B-52 bombers resumed pounding suspected Taliban and al-Qaeda positions in east Afghanistan overnight after a day of ground attacks by US-led forces.
Having claimed to have killed 500 in their ground offensive yesterday, US military officials today revised the figures back to around 100.
With hundreds of US and allied troops now on the ground in the snow-covered mountains, their resupply is crucial, US military spokesman Maj Bryan Hilferty said at Bagram, on the outskirts of Kabul.
"We are sending in by helicopter fuel, food, ammunition and other equipment," he told a news conference. "In fighting on Wednesday we estimate we killed 100 Taliban".
The US military today ordered up to 300 extra soldiers, 17 attack helicopters and several A-10 aircraft with rapid-fire cannon and rockets to the battlefield to counter a flow of new fighters.
In Gardez, about 20 miles from the fighting in Paktia Province, there was greater air activity over the frontline than Wednesday. B-52s were back in force along with F-16 jets and attack helicopters.

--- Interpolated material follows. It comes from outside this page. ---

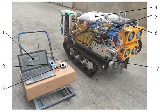 Figure 16 exhibits the dynamic stability experimental device of the tracked vehicle. It was set up to experiment and verify the longitudinal stability of the tracked vehicle under braking conditions. The experimental device comprised of the physical prototype of the tracked vehicle and the data detection system.

Afghan commanders said the battle twisted along a six-mile frontline of bunkers and caves up to the top of 10,000 foot peaks around the village of Shahi Kot.
At least eight US soldiers and seven Afghan soldiers have died in the operation and about 40 US and 30 Afghan troops have been wounded.
- Two German and three Danish peacekeepers died in Kabul yesterday in an accident at a munitions site when two Soviet-era surface-to-air missiles exploded while they were preparing to destroy the bombs.